To find the Young's modulus of the rubber cord used in the catapult, we can follow these steps: ### Step-by-Step Solution: 1. **Identify the Given Values:** - Length of the rubber cord (L) = 42 cm = 0.42 m - Diameter of the rubber cord (D) = 6 mm = 0.006 m - Radius of the rubber cord (r) = D/2 = 0.003 m - Mass of the stone (m) = 0.02 kg - Stretching of the cord (ΔL) = 20 cm = 0.20 m - Final velocity of the stone (v) = 20 m/s 2. **Calculate the Cross-Sectional Area (A):** The cross-sectional area of the rubber cord can be calculated using the formula for the area of a circle: \[ A = \pi r^2 = \pi (0.003)^2 = \pi (9 \times 10^{-6}) \approx 2.827 \times 10^{-5} \, \text{m}^2 \] 3. **Calculate the Strain (ε):** Strain is defined as the change in length divided by the original length: \[ \text{Strain} (\epsilon) = \frac{\Delta L}{L} = \frac{0.20}{0.42} \approx 0.4762 \] 4. **Calculate the Stress (σ):** Stress is defined as the force applied per unit area.

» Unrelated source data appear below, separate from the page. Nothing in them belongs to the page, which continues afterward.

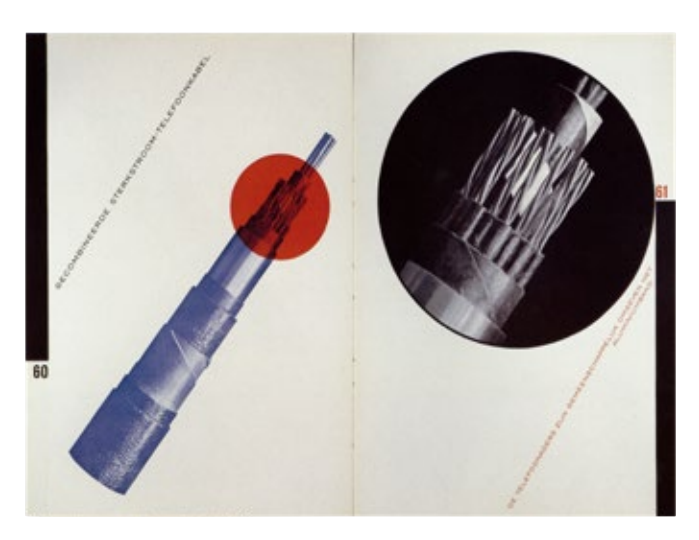
Piet Zwart. NKF: N.V. Nederlandsche Kabelfabriek Delft, 1928. Letterpress and photolithograph, The Museum of Modern Art, Jan Tschichold Collection, Gift of Philip Johnson. © 2018 Artist Rights Society (ARS), New York / VG Bild-Kunst, Bonn.

exhibition includes an overview of Tschichold's career, from his early training in calligraphy and "Blackletter" through his modernist work in the "new typography." There will also be examples of his later designs for Penguin Books in London where he established one of the most famous house styles for a mass-market publisher. A highlight of the exhibition will be a selection of Tschichold's film posters for Phoebus Palast in Munich in 1927, then the largest cinema in Germany, which were often produced at a few day's notice but succeeded in establishing a new approach to film promotion.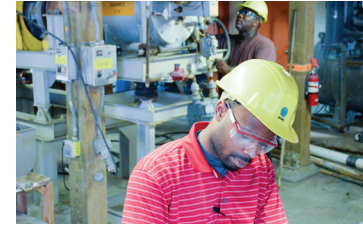
► Medium-Scale Dryer

IFDC process design packages provide the foundation for basic and detail engineering, equipment procurement, and the construction phases of fertilizer plant projects. IFDC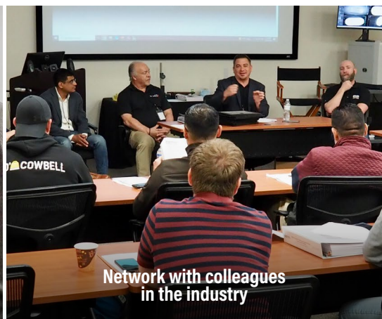
Network with colleagues in the industry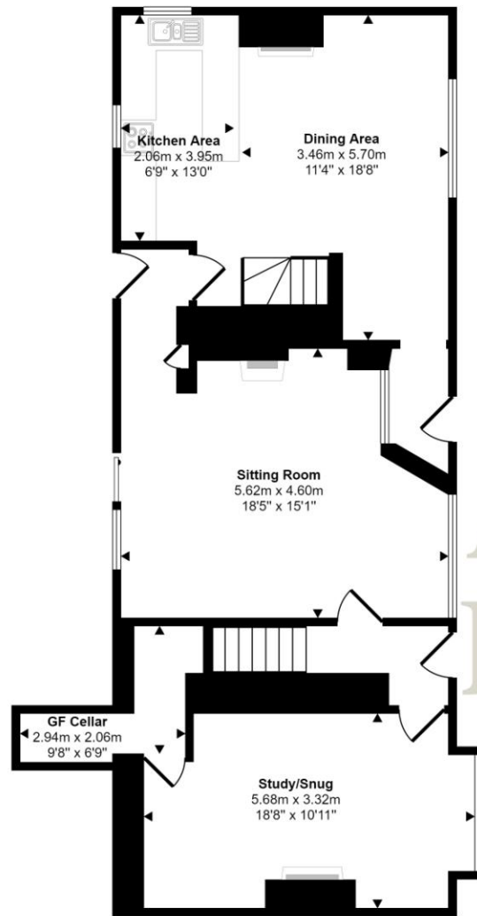
Ground Floor Approx 90 sq m / 967 sq ft

Approx Gross Internal Area 222 sq m / 2391 sq ft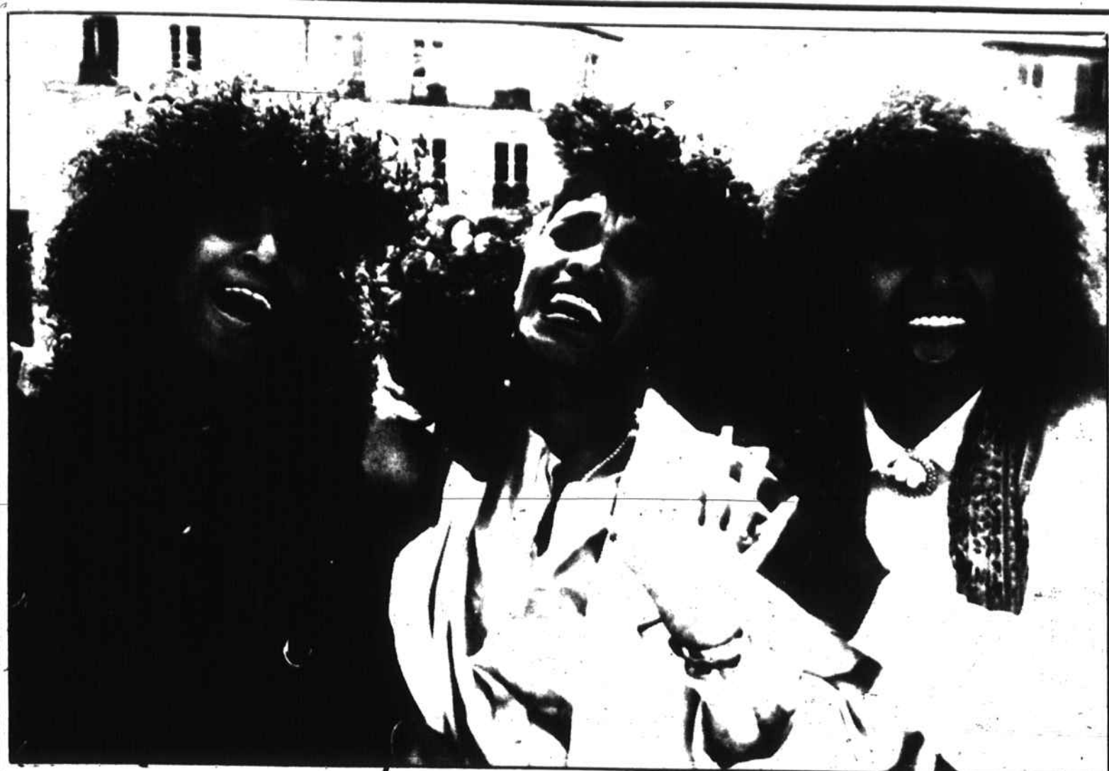
The Pointer Sisters hope to do more television appearances and less recording to make time for their personal lives.

The force (F) exerted by the stone can be calculated using its weight: \[ F = mg = 0.02 \times 9.81 \approx 0.1962 \, \text{N} \] Then, stress can be calculated as: \[ \text{Stress} (\sigma) = \frac{F}{A} = \frac{0.1962}{2.827 \times 10^{-5}} \approx 6947.5 \, \text{N/m}^2 \] 5. **Relate Young's Modulus (Y) to Stress and Strain:** Young's modulus is defined as the ratio of stress to strain: \[ Y = \frac{\sigma}{\epsilon} = \frac{6947.5}{0.4762} \approx 14580.5 \, \text{N/m}^2 \] 6. **Equate Energy:** The elastic potential energy stored in the stretched rubber cord is equal to the kinetic energy of the stone when it is released: \[ \frac{1}{2} mv^2 = \frac{1}{2} Y \epsilon^2 A L \] Rearranging gives: \[ Y = \frac{mv^2}{\epsilon^2 A L} \] 7. **Substituting Values:** \[ Y = \frac{0.02 \times (20)^2}{(0.4762)^2 \times (2.827 \times 10^{-5}) \times 0.42} \] Calculate the above expression to find Y. 8. **Final Calculation:** After substituting the values and simplifying, we find: \[ Y \approx 3 \times 10^6 \, \text{N/m}^2 \] ### Conclusion: The Young's modulus of the rubber is approximately \(3 \times 10^6 \, \text{N/m}^2\).